Oddly enough, the UBP were celebrating in September 1967. They were circling, the House of Assembly, like a shark that tasted blood in the water.
Despite their narrow defeat at the polls in January, and later, the hurried defection of their key man of business, Sir Stafford Sands – by September, the United Bahamian Party was funding a grand banquet for their triumphant negro candidate, Cleophas Adderley.
Cleophas, had successfully kept the coveted City District seat, vacated by Sir Stafford, on the UBP constituency tally sheet.
This by-election defeat may not have been wholly unexpected for the PLP, but still, it was worrying. The UBP won, in a year that they should have been continually losing. Understandably, new Premier Lynden Pindling, was reading this turn of events like a soothsayer reading tea leaves. What did it all mean for the Progressive Liberal Party’s tenuous hold on political power?
Though happy for the PLP victory, Pindling expressed his fears and trepidations to a 500 strong membership at the national convention. It was the first convention, as the governing party, of the Bahama Islands.
Pindling admonished new Assembly Members to remain vigilant and to stop talking Party business
‘Club that hooked fish,’ one Andros constituent tells Premier Pindling, ‘lest it gain strength, jump out the boat and cause trouble.’
Seasoned fishermen know that, just because a fish may have a hook in its mouth, there is still a long way to go before dinner. The sea had fed The Bahamas ever since the Lucayans came. Those turquoise blue waters yielded its fruits, as well as its philosophies.

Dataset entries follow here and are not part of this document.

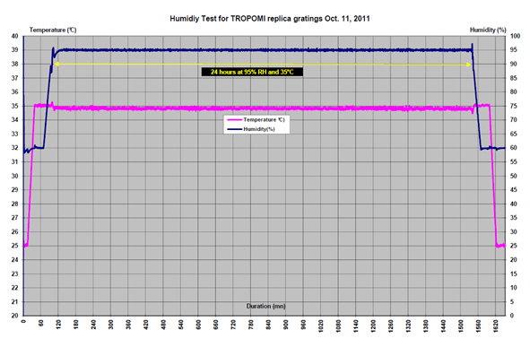 The QM grating has been used for performing successfully environmental tests (temperature cycling from -50°C to +45°C and humidity test at 35°C and 95% RH) according to the TROPOMI space-flight mission requirements (Fig. 3).
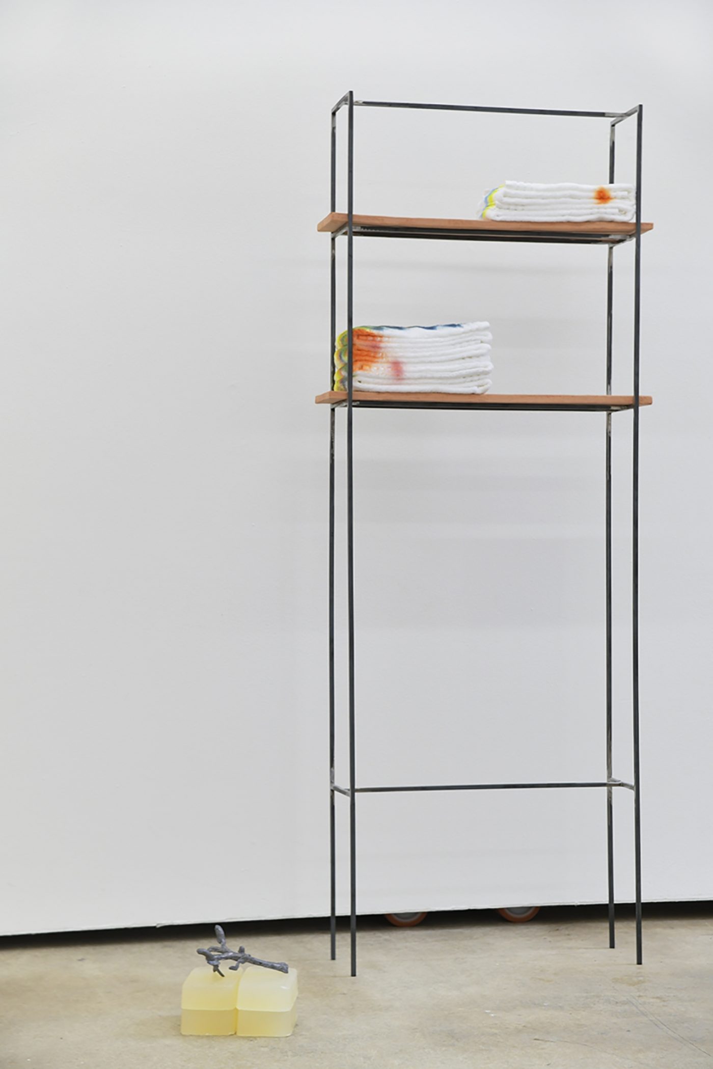 Angetrieben von einer Faszination für die Häuser, Wohnungen und Interieurs, in denen wir uns bewegen, entwickelt Martina Böttiger (*1980, lebt und arbeitet in Basel und im Elsass) vor allem plastische und zeichnerische Arbeiten. Sie interessiert sich für die Gestaltung von Innenräumen, für die kulturellen und sozialen Botschaften, die wir damit bewusst oder unbewusst vermitteln. Mit schnellen Linien aus Öl, Tusche oder Acryl bringt sie die teilweise nur schemenhaften Umrisse eines Stuhls, eines Betts oder einer Lampe zu Papier. Für ihre Objekte nutzt die Künstlerin häufig glasierte oder unglasierte Keramik, also ein Material, das in der Form von Gebrauchs- oder Ziergegenständen seit jeher auch in Privaträumen zu finden ist. Oft bleiben die Spuren der Arbeitsprozesse sichtbar: Die Glasur läuft über die Kanten hinaus, die Fingerabdrücke der Künstlerin sind sichtbar. An der Werkschau zeigt sie ihre installative Arbeit Eine Szene aus einem Lesben-Detektivroman. Es war 15h (2018). Wir sehen ein Regal, darauf verteilt herkömmliche Handtücher aus Frottee mit Farbflecken, ein Keramikobjekt, Stücke von Glyzerinseife. Irgendetwas ist hier geschehen, in diesem überaus seltsamen Interieur. Der Werktitel suggeriert eine Geschichte und eine kriminalistische Situation zugleich. Wohl mag die Erzählung fiktiv sein, dennoch regt sie unsere Fantasie an, und wir versuchen in den Farbverläufen auf den Frotteetüchern Spuren zu lesen. „Die Dinge, mit denen wir uns umgeben, wissen weit mehr von uns, als wir denken, und nicht in jedem Haus sind wir die gleichen Menschen“, sagt Martina Böttiger dazu.
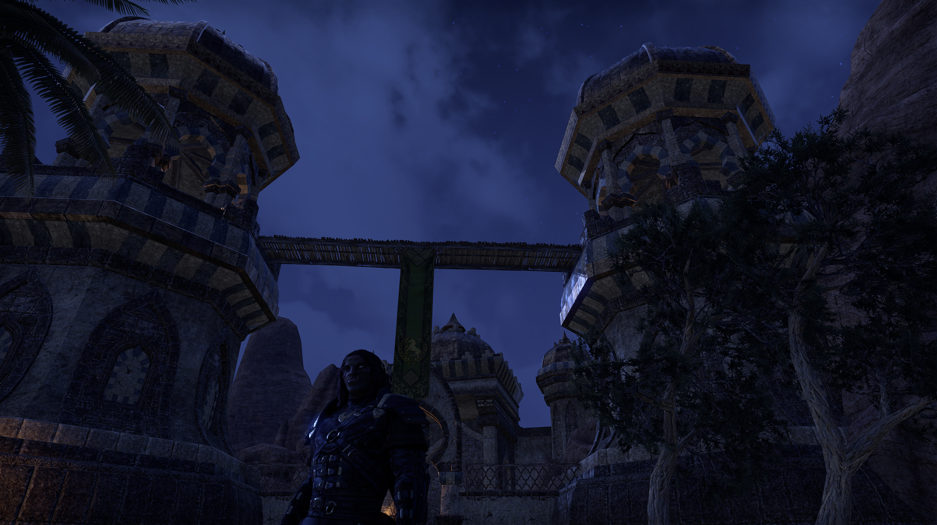 My Orc in ESO. In the background are the two towers found at his desert home in Al'Akir.
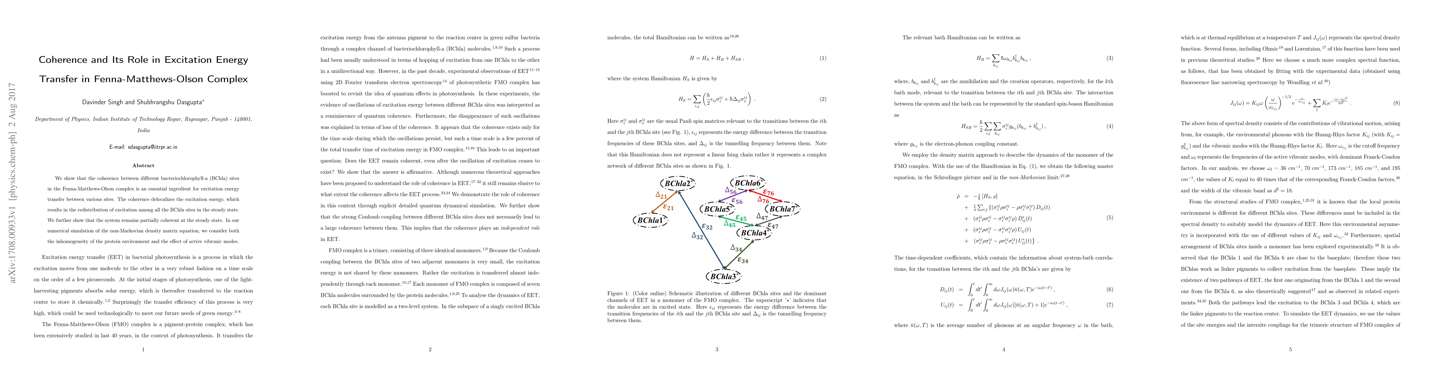 This paper demonstrates that coherence between bacteriochlorophyll-a sites in the Fenna-Mathews-Olson complex is crucial for efficient excitation energy transfer. The study shows that coherence delocalizes excitation energy, leading to its redistribution among all sites, and the system retains partial coherence at steady state.
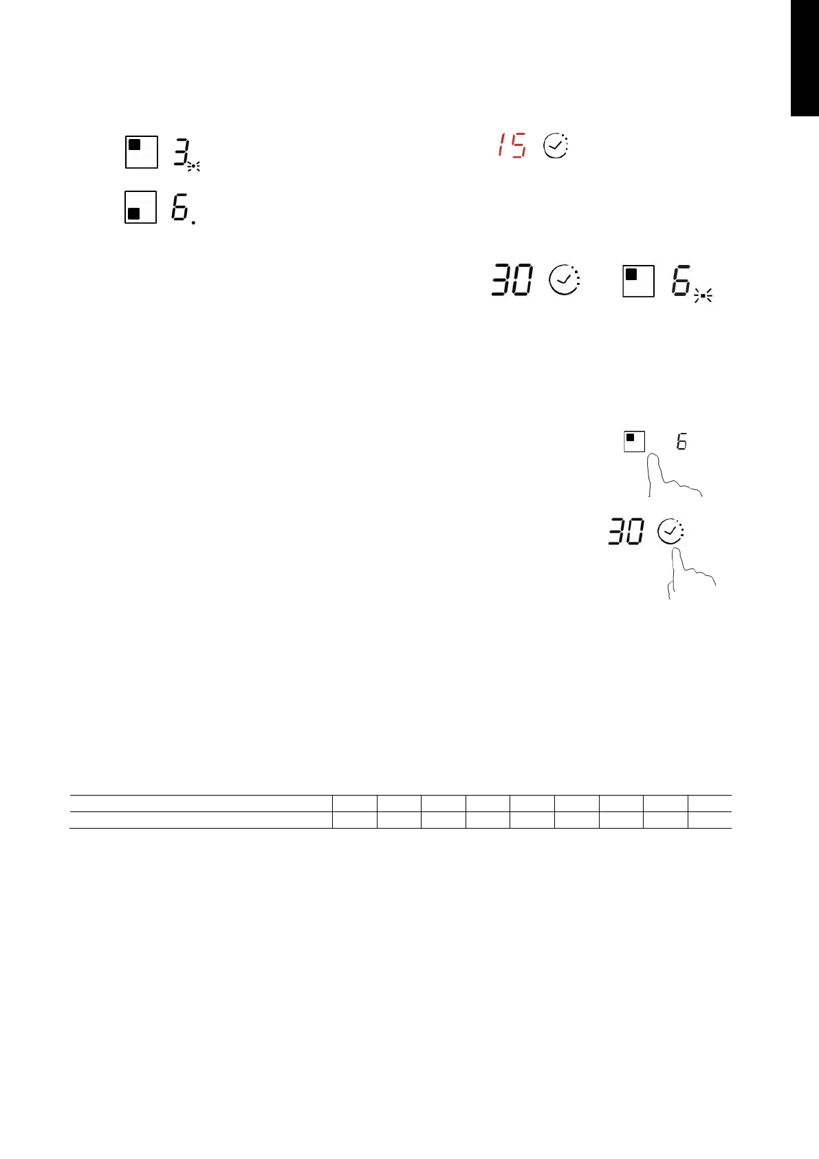 Betätigen der Kochzonenauswahl und in der Zeitanzeige wird die entsprechende Zeitschaltuhr angezeigt.

So when, one of Pindling’s grassroots Andros constituents said to him that the UBP was still a force to be reckoned with, Pindling believed it. The City District by-election defeat was still ringing in Pindling’s like tinnitus.
‘Club the UBP on the head, finish it off or risk it escaping.’ Easier to deal with a fish in the boat, rather than in the water. Pindling came to feel an affinity with such fishing philosophies and used them on several occasions in his speeches.
By 1968, Lynden Pindling, would do just that.